Let's Talk About Ceps
You could have an equivalent coat of arms for Portsmouth, only it's a seagull with a plastic thingy from a four-pack of lager.
 

Mr. Tea

Let's Talk About Ceps
Apparently Buckinghamshire was known for breeding swans for the Royals.
What do they use them for, though? Eating? Shooting? Or does Randy Andy have even more unspeakable predilections than the ones we know about?
 

Corpsey

bandz ahoy
"Swans were bred for Anglo-Saxon kings whose line ended with the Norman Conquest."

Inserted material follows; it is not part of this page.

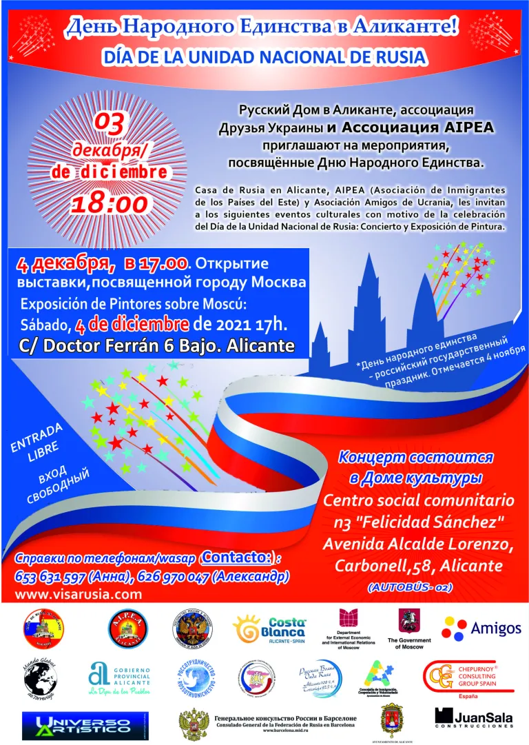 Вот и отшумел очередной Фестиваль Славянской культуры в Аликанте! В минувшую пятницу 3 декабря на сцене социокультурного центра Felicidad Sanchez прошел национальный праздник- День Народного Единства. И хотя праздник этот еще молодой, но он уже прочно вошел в календарь государственных праздников и отмечается с размахом. Мы находимся вдали от нашей Родины, но душой и сердцем мы вместе с нею и с народом нашей необъятной страны. И поэтому стало уже доброй традицией отмечать этот праздник здесь, в Аликанте.

I'm guessing they kept them as picturesque pets.
 

Corpsey

bandz ahoy
Swan meat was regarded as a luxury food in England in the reign of Elizabeth I. A recipe for baked swan survives from that time: "To bake a Swan Scald it and take out the bones, and parboil it, then season it very well with Pepper, Salt and Ginger, then lard it, and put it in a deep Coffin of Rye Paste with store of Butter, close it and bake it very well, and when it is baked, fill up the Vent-hole with melted Butter, and so keep it; serve it in as you do the Beef-Pie."[35]

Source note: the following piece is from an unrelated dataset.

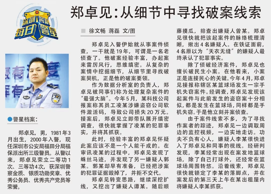 鄭卓見,男,1981年3月出生,2000年入警,現(xiàn)任深圳市公安局福田分局福保派出所三級(jí)警員。從警以來(lái),鄭卓見榮立二等功1次、三等功4次,獲深圳警察金質(zhì)、銀質(zhì)功勛獎(jiǎng)?wù)?、?yōu)秀公務(wù)員、優(yōu)秀共產(chǎn)黨員等榮譽(yù)。

The Illustrious Brotherhood of Our Blessed Lady, a religious confraternity which existed in 's-Hertogenbosch in the late Middle Ages, had 'sworn members', also called 'swan-brethren' because they used to donate a swan for the yearly banquet.
 

luka

Well-known member
Swan meat was regarded as a luxury food in England in the reign of Elizabeth I. A recipe for baked swan survives from that time: "To bake a Swan Scald it and take out the bones, and parboil it, then season it very well with Pepper, Salt and Ginger, then lard it, and put it in a deep Coffin of Rye Paste with store of Butter, close it and bake it very well, and when it is baked, fill up the Vent-hole with melted Butter, and so keep it; serve it in as you do the Beef-Pie."[35]

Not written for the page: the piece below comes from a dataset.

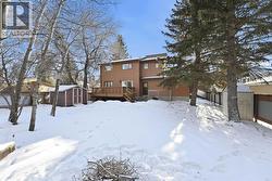 Homes like this are rarely available. Located in one of Red Deer’s most sought-after, tree-lined neighbourhoods, 4 Pardue Close offers a truly special setting with mature trees to the north, green space to the south, and a private lot exceeding 10,000 sq ft, further enhanced by additional trees for exceptional privacy. The home makes an immediate impression with its distinctive exterior and attractive rooflines and continues to impress inside with extensive recent renovations, including vinyl plank flooring, lighting, trim, paint, and more throughout. The spacious living room is filled with natural light from abundant south-facing windows and features a cozy wood-burning fireplace, while the adjacent dining room is also surrounded by windows, creating a bright and inviting space. The galley-style kitchen showcases stylish cabinetry, a pantry, two sinks, and upgraded stainless steel appliances, with a breakfast nook and sliding glass door overlooking the expansive private backyard. The main level is completed by the front entry and a convenient two-piece bathroom. Upstairs you’ll find the primary bedroom suite with a walk-in closet and three-piece ensuite, along with three additional bedrooms—one with access to attic storage—and a four-piece bathroom. A bright stairwell with a modern black metal railing and additional windows connects the levels. The lower level features new plush carpeting with soft underlay and includes a family room, an additional bedroom, a two-piece bathroom, and the laundry/utility room. The attached double garage offers space for two vehicles, and an extra-long front driveway provides additional parking. Outside, enjoy the updated oversized back deck and a large private backyard oasis complete with two sheds, a fire pit area, a dog run, vehicle access off of Piper drive, and plenty of space to relax or entertain. The sellers have enjoyed frequent sightings of deer, moose, and other wildlife from their windows. Additional updates include vinyl windows throughout most of the home, shingles replaced in 2015, a furnace updated in 2012, upgraded fencing with stylish metal panels, and more. Being just steps from some of Red Deer’s best treed walking trails and close to parks, a playground, a school, shopping, and amenities—4 Pardue Close is a rare combination of privacy and convenient location. (id:27)

The Illustrious Brotherhood of Our Blessed Lady, a religious confraternity which existed in 's-Hertogenbosch in the late Middle Ages, had 'sworn members', also called 'swan-brethren' because they used to donate a swan for the yearly banquet.
 

shakahislop

Well-known member
went to see this film 'WORK STUDIES IN SCHOOLS: STUDIES OF TEACHING IN FOUR OXFORDSHIRE SCHOOLS'

anthologyfilmarchives.org/film_screenings/calendar?view=list&month=04&year=2023#showing-56019

it was basically an hour and a half of footage the cinema had selected from ten full hours of footage shot in classes in oxfordshire in the 70s. each shot is pretty much half an hour long and it looks like someone being given a camera to use for the first time, he spends a lot time zooming in on girls' faces and pointing the camera at random things on the walls. obviously it's great and obviously its also pretty boring sometimes. the first half was a art class at Cheney in Headington, the second half was an art class at Radley College. it's like watching ghosts, a thing of the past that's totally gone. hard not to think of the hauntology thing. would recommend it to the oxfordshire culture mafia but i don't know if there's any way of getting hold of it, i couldn't find it online when i looked for it.
 

IdleRich

IdleRich
Who was the guy who used to be on dissensus and he wrote these weird stories... there was that began with a father saying "come on son we're gonna go and smash fuck out of a swan"?